One young arm, 25-year-old Kyle Lobstein, already is producing for the Tigers. He’s 3-3. With ace Justin Verlander still out due to an injured tricep, Detroit might need more help in the near future.
Farmer, 6-foot-4 and 225 pounds, boosted his stock last year by posting a 12-6 record with a 3.07 earned-run average over three levels.
This season he leads the International League in strikeouts with 48 in 44 innings. He has a 4-1 record with a 3.25 ERA.
Farmer was throwing his fastball about 95 mph against the Bisons and keeping it down in the strike zone in cruising through the first five innings. He’s got a big lower body, which helps him keep his speed up as his pitch count rises. His goal entering the season was to keep improving his off-speed pitches.
“He threw the ball very well, mixed his pitches well,” said Toledo manager Larry Parrish. “I thought early in the ballgame he could have been tipping his pitches a little bit. I don’t know if they had it, but I saw something. About the third inning we made a little adjustment with him. Other than that, he’s got a good fastball and a good change up.

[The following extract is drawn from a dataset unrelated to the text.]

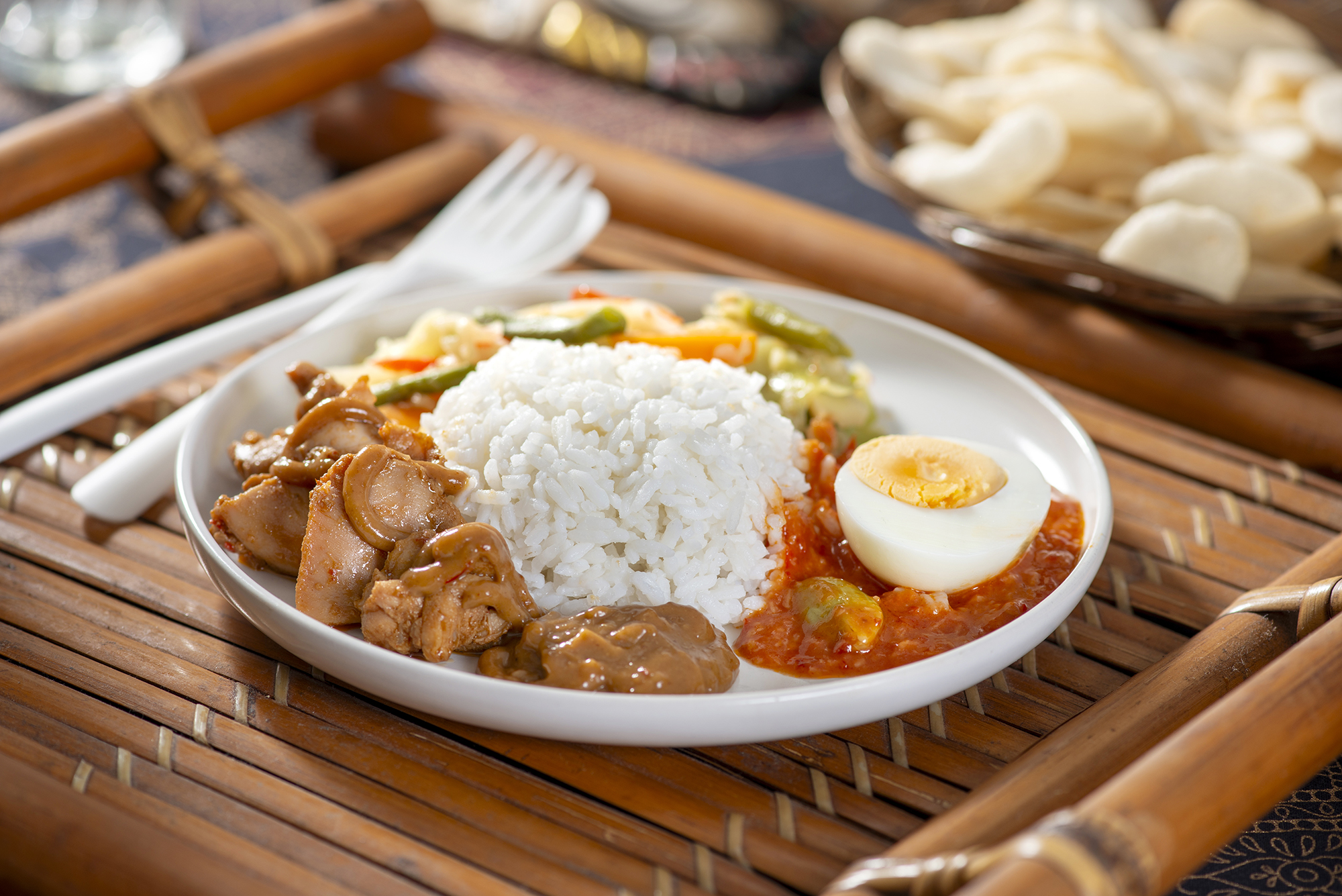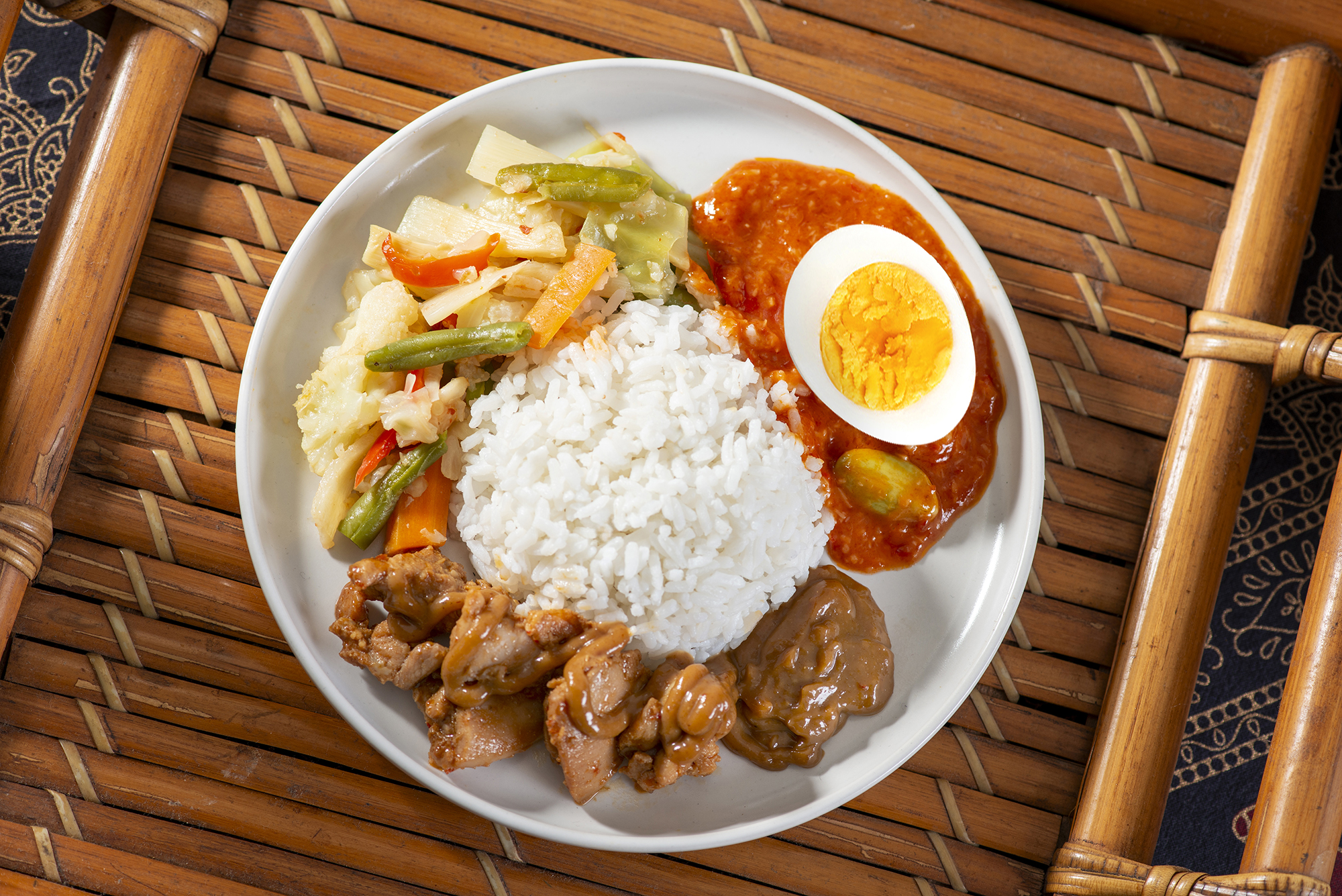 Voorheen bekend als de Blauwe Hap. Witte rijst, knapperige groenten, ei in chili kokossaus en malse gemarineerde kipdijfilet in satehsaus.

And he competes well.”
“I’ve made adjustments since the start of the season,” Farmer said. “Not huge adjustments, just things that could cause the fast ball to be down or up, in or out. I believe I’m headed in the right direction. Today was probably the best I’ve commanded of my fastball all year.”
Farmer made a good pitch to Bisons No. 5 hitter Brad Glenn in the sixth. One run was in, a man was on second and the count was 2-0. Farmer got Glenn to ground a ball back to the pitcher’s mound for an easy third out.
“It was a 2-0 slider, and he got out in front of it and I got him to come back to me,” Farmer said.
This is only Farmer’s second full year of pro ball. Milwaukee drafted him in the 15th round in 2012 but he opted to stay in college for his senior year at Georgia Tech. He was a fifth-round pick of the Tigers in 2013.
“I figured I might as well get another year of college in,” Farmer said. “I only have one semester left now to get my degree.”